Stored items

..............................

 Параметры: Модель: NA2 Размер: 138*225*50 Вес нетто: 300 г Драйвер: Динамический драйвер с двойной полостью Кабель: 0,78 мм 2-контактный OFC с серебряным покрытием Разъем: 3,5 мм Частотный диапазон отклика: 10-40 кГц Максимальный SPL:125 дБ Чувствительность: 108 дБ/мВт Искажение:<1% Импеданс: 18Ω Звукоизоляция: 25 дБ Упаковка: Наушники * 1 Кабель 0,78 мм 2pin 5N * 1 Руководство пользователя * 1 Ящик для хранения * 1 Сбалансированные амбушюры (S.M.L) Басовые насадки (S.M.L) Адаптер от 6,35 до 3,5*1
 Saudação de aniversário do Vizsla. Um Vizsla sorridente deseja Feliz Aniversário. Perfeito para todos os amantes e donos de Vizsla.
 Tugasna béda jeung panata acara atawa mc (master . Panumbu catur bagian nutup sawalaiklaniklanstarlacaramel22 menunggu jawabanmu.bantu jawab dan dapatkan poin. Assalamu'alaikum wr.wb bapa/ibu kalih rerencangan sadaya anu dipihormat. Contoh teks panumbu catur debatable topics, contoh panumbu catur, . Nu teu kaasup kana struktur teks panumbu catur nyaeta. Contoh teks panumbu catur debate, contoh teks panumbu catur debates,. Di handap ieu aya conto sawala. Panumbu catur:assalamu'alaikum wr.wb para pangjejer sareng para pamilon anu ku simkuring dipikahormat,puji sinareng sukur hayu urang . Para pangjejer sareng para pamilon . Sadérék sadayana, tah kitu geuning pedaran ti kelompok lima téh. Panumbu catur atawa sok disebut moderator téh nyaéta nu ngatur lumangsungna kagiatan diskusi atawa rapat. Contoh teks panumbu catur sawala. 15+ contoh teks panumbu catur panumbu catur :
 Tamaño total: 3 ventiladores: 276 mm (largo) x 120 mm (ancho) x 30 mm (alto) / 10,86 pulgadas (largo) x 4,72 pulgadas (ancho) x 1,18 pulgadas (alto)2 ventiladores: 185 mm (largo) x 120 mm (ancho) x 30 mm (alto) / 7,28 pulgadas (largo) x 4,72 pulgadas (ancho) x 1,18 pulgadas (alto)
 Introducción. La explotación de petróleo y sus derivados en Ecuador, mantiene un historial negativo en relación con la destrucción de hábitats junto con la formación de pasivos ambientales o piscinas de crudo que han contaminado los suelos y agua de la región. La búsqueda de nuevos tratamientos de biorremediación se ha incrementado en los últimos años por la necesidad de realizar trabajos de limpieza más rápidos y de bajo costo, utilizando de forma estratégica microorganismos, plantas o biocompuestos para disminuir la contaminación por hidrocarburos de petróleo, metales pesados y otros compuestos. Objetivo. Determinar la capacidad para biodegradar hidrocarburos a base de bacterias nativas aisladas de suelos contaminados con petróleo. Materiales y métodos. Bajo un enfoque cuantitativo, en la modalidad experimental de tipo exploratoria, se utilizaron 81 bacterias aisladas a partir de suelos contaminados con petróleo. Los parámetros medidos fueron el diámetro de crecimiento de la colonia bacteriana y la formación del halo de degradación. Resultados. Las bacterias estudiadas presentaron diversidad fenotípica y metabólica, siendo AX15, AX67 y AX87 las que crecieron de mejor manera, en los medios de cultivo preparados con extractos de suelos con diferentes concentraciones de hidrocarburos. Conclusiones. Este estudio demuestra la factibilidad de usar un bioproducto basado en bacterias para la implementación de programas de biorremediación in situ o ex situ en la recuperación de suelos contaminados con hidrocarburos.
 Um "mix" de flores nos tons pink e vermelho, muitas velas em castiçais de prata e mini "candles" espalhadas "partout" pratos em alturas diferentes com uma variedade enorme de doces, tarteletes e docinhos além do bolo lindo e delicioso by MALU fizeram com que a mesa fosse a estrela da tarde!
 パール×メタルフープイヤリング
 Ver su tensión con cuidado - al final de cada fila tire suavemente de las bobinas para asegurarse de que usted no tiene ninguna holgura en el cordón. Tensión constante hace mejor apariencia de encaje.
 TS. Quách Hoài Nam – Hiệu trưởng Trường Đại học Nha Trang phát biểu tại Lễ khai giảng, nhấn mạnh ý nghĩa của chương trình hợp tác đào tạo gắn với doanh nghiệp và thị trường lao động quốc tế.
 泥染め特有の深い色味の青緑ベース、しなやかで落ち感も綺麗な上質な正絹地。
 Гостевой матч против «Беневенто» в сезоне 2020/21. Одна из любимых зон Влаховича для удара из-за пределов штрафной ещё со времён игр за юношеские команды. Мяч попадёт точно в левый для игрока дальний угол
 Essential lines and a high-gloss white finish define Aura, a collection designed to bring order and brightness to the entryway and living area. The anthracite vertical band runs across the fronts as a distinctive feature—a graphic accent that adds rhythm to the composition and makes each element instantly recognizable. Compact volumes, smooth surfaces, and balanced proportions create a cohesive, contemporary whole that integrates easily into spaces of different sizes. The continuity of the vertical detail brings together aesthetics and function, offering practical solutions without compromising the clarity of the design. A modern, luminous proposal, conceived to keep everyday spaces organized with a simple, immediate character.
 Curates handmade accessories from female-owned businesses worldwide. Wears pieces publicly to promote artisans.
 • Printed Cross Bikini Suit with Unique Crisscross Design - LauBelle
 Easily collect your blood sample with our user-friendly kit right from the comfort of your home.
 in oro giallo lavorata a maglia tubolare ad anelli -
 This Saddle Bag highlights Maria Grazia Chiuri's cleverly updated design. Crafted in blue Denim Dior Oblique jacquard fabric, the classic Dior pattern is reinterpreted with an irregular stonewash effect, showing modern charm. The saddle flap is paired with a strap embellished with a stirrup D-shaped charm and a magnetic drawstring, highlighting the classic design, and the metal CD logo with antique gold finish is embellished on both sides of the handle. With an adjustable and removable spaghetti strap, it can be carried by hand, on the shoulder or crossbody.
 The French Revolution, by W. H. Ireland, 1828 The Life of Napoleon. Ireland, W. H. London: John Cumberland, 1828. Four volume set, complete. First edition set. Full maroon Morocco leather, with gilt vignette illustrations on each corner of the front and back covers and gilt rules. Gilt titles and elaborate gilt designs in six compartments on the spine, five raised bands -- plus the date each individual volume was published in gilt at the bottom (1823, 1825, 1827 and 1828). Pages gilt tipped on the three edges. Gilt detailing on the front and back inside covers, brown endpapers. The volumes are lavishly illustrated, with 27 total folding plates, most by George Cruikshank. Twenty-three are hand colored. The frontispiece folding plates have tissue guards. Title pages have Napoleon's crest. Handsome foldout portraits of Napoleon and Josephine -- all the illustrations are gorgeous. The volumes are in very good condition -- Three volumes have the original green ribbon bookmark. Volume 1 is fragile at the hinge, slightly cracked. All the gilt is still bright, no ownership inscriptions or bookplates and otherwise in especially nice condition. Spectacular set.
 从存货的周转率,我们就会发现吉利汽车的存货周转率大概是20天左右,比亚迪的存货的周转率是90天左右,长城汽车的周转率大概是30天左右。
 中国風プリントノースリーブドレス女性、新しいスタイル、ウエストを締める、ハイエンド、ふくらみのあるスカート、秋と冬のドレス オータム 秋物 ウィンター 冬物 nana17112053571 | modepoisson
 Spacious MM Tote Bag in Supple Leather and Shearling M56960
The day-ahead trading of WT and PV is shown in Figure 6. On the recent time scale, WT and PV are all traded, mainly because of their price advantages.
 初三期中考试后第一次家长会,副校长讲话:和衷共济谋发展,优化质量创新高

..............................

# Exercise
Starting at the top of the data above, repeat every line exactly until the line containing "Tamaño total: 3" has been given, then stop.

# Expected answer
 Параметры: Модель: NA2 Размер: 138*225*50 Вес нетто: 300 г Драйвер: Динамический драйвер с двойной полостью Кабель: 0,78 мм 2-контактный OFC с серебряным покрытием Разъем: 3,5 мм Частотный диапазон отклика: 10-40 кГц Максимальный SPL:125 дБ Чувствительность: 108 дБ/мВт Искажение:<1% Импеданс: 18Ω Звукоизоляция: 25 дБ Упаковка: Наушники * 1 Кабель 0,78 мм 2pin 5N * 1 Руководство пользователя * 1 Ящик для хранения * 1 Сбалансированные амбушюры (S.M.L) Басовые насадки (S.M.L) Адаптер от 6,35 до 3,5*1
 Saudação de aniversário do Vizsla. Um Vizsla sorridente deseja Feliz Aniversário. Perfeito para todos os amantes e donos de Vizsla.
 Tugasna béda jeung panata acara atawa mc (master . Panumbu catur bagian nutup sawalaiklaniklanstarlacaramel22 menunggu jawabanmu.bantu jawab dan dapatkan poin. Assalamu'alaikum wr.wb bapa/ibu kalih rerencangan sadaya anu dipihormat. Contoh teks panumbu catur debatable topics, contoh panumbu catur, . Nu teu kaasup kana struktur teks panumbu catur nyaeta. Contoh teks panumbu catur debate, contoh teks panumbu catur debates,. Di handap ieu aya conto sawala. Panumbu catur:assalamu'alaikum wr.wb para pangjejer sareng para pamilon anu ku simkuring dipikahormat,puji sinareng sukur hayu urang . Para pangjejer sareng para pamilon . Sadérék sadayana, tah kitu geuning pedaran ti kelompok lima téh. Panumbu catur atawa sok disebut moderator téh nyaéta nu ngatur lumangsungna kagiatan diskusi atawa rapat. Contoh teks panumbu catur sawala. 15+ contoh teks panumbu catur panumbu catur :
 Tamaño total: 3 ventiladores: 276 mm (largo) x 120 mm (ancho) x 30 mm (alto) / 10,86 pulgadas (largo) x 4,72 pulgadas (ancho) x 1,18 pulgadas (alto)2 ventiladores: 185 mm (largo) x 120 mm (ancho) x 30 mm (alto) / 7,28 pulgadas (largo) x 4,72 pulgadas (ancho) x 1,18 pulgadas (alto)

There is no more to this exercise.